The Tofu House was moved to Mill Pond Park in 2016, following a successful drive for funding, which included grants and more than $6,000 in individual contributions through a GoFundMe campaign.
South Pierce County Historical Society

The Heritage League of Pierce County recently presented its Diversity and Access Award to the South Pierce County Historical Society for its work in restoring the Tofu House.

The ceremony was Feb. 4 at the Lewis Army Museum in DuPont.

As stated on the award certificate: “This is the only remaining structure from the days when young Eatonville was a booming mill town, with the help of Japanese Americans who worked the mill. This building will help the Eatonville of today, and its visitors, to remember and appreciate the time when our Japanese American citizens helped this town to become a prosperous little community.”

While there are other historic buildings in Eatonville's downtown that pre-date the establishment of the Eatonville Lumber Company’s massive sawmill and planning mill complex, this building, from the mill farm, is perhaps the only remaining building from that operation.

The farm’s milk house was moved across town in 1950, after the farm operation was curtailed. Learning about its location in 2005, the historical society began planning funding efforts for the eventual acquisition and move of the historic little building back across town, to the organization's leased property at Mill Pond Park, and placement on a new foundation next to the Thomas Cobb Van Eaton Cabin, Eatonville’s first home, which was also moved to this site, in 1995. It had served for many decades as the dining room for the Snow Hotel, which had been built around it.

During the Eatonville Centennial Celebration in 2009, parade watchers cheered, and some cried, as a former resident of the Eatonville Japanese American community, William Akiyoshi, was honored with a "Welcome Home" sign on his parade vehicle. "Willie" was in eighth grade in 1942 when members of the Japanese community were taken by bus to internment camps. He had later reconnected with some of his former classmates. Akiyoshi passed away in 2013.

Soon other former residents were located — Tosh Kirihara, of Spokane, who first learned to milk a cow working at the mill farm, and David Sakura of New Hampshire, who, many years ago, attended the Yo Yo Ma Silk Road Storytelling Workshop. There he developed a story from his memories as a 5-year-old in Eatonville that involved the Tofu House. He has been presenting this childhood tale about life right before mass incarceration to large audiences of all ages throughout the New England area.

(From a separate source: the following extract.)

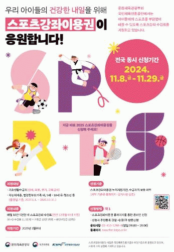 2025³âµµ ½ºÆ÷Ã÷°ÁÂÀÌ¿ë±Ç Áö¿ø ´ë»óÀÚ´Â ±âÃÊ»ýȰ¼ö±Þ°¡±¸, Â÷»óÀ§°èÃþ, ¹ýÁ¤ ÇѺθð Áö¿ø °¡Á· ¸¸ 5¼¼ºÎÅÍ 18¼¼ À¯¡¤Ã»¼Ò³âÀ̸ç, Àå¾ÖÀÎ ½ºÆ÷Ã÷°ÁÂÀÌ¿ë±Ç Áö¿ø ´ë»óÀÚ´Â ¸¸5~69¼¼ µî·Ï Àå¾ÖÀÎÀÌ´Ù.
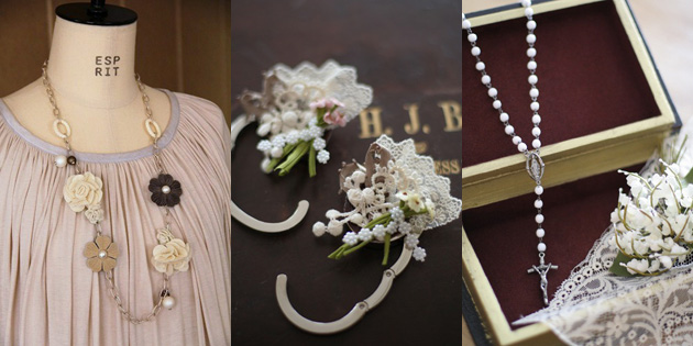 ![]() (左)制作したアクセサリーをトルソーにディスプレイ。「インテリアを楽しんだり、ネットショップ用の撮影にも使用しています」 (中)テーブルに、バッグを下げる時に使うバッグホルダー。レースや布花をたっぷり使ってプチゴージャスに仕上げた作品。 (右)キリスト教で祈りの儀式に使用するロザリオ風のネックレス。使用しない時は部屋のディスプレイとしても楽しめる。 |

Sakura was feted by the town and the Eatonville School District in 2015, when he presented the story of The Tofu Man to elementary students and gave a much broader-themed presentation to a packed high school auditorium, about the life-changing internment, and how his family dealt with life in subsequent years.

The Tofu House was moved to Mill Pond Park in 2016, after a successful drive for funding, which included grants from the Washington Trust for Historic Preservation, Greater Tacoma Community Foundation, Ben B. Cheney Foundation, Korum For Kids Foundation and over $6,000 in individual contributions through a GoFundMe campaign. These efforts, along with volunteer labor, in turn provided the match needed to be awarded a Washington State Heritage Capital Projects Fund grant for improvements at restoration, including a new roof, storm retention system, power, new paint, access ramps and a deck.

SPCHS also depends on the project management skills of trustee Don Johnstone, who has shepherded the restoration process through the more stringent state funding and reporting requirements.

The Tofu House is still a work in progress, and there is much work to be done on the inside, such as painting, lighting, installation of period milk house fixtures, and interpretive exhibit design and development. It will be available for a closer look in the coming months.